Syracuse led 42-35 at the half, extended to 56-40 with 14 minutes left. But with McAlarney and Harangody combining for 21 of next 29 points, it was a 74-69 contest with 5:55 remaining.

"One or two more stops," Brey said. "We just couldn't get them."

Flynn hit a floater, then got loose for an uncontested lay-up off an in-bounds pass. And the game slipped away for good after Flynn scored a transition hoop off a Hillesland turnover with just under three to play, restoring the lead to 10.

At about this time, the Syracuse student section launched into a "Just Like Football" chant. It was the final indignity.

While the last two seasons have been "feel goods" the Irish are now dealing with underachievement. Notre Dame scored no points in the final five minutes of regulation in its loss to Louisville Monday, and was outscored 19-5 in the final 5:12 of this one.

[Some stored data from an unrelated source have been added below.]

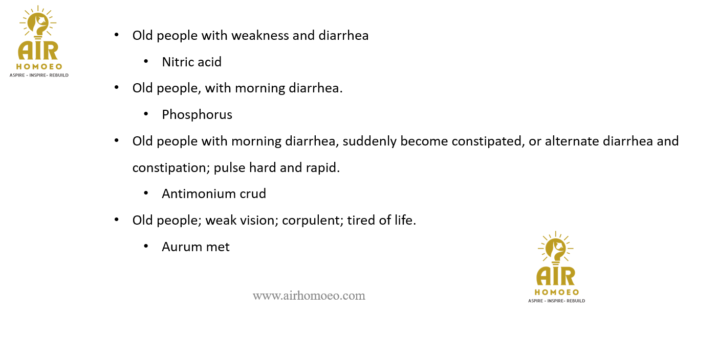 Old people with morning diarrhea, suddenly become constipated, or alternate diarrhea and constipation; pulse hard and rapid.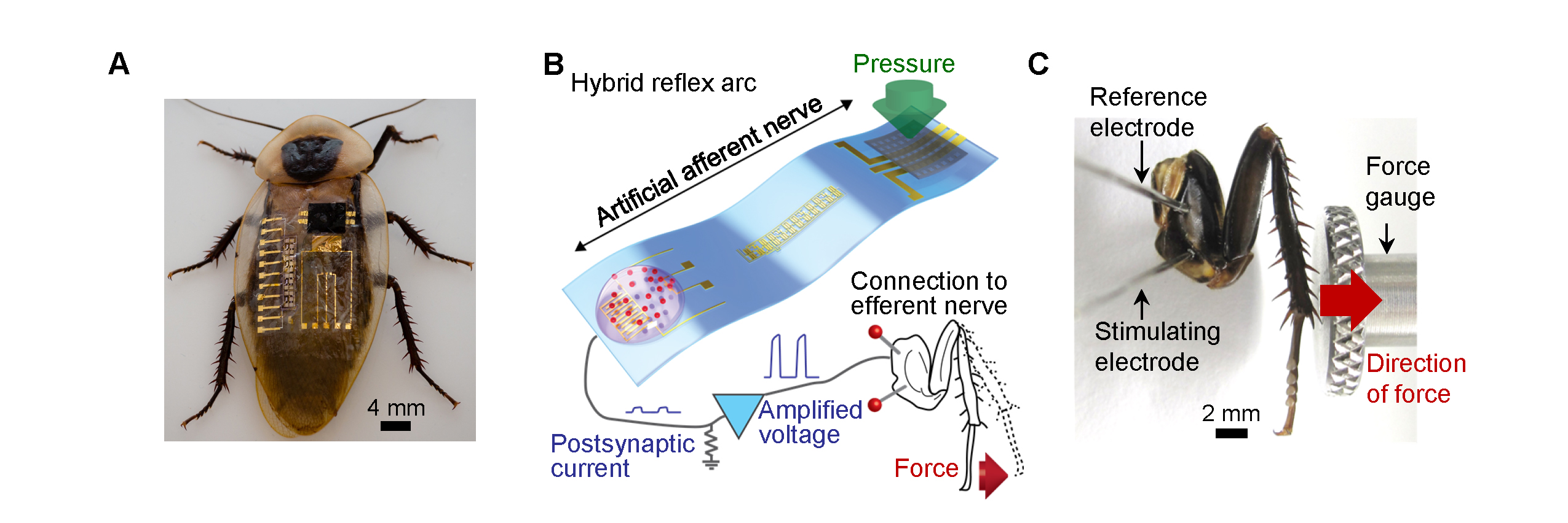 (B) An artificial mechanosensory nerve was connected to biological motor nerves to make a hybrid reflex arc and control the movements of a detached insect leg.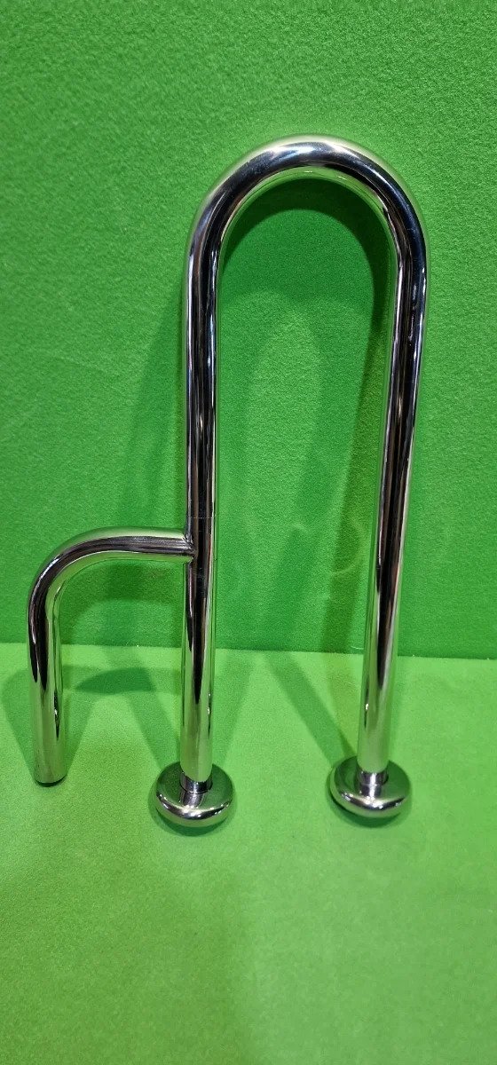 Barra de apoyo pared-pared fabricada en acero inoxidable, acabado satinada, de 600 mm. de longitud, con embellecedor para ocultar la tornillería incluida.

"In these frenzied atmospheres we've been in, we talked about how you can't let that speed you up," said Brey. "But it's easier to say that in the locker room. We have to be better. We have to get low-post feeds more consistently."

The Irish have to improve because it doesn't get easy any time soon. After a week off, the Irish host No. 4 Connecticut Saturday and No. 14 Marquette on January 26.

And those are teams that, at least so far, haven't blinked on the road. Heading into Saturday play, the top five teams in the Big East thus far (Pittsburgh, Connecticut, Marquette, Louisville and Syracuse) are a combined 15-1 in conference road tilts.

"You just have to laugh about it," Harangody said, talking about the quality of the Big East. "You can't get stressed out. And you have to get better."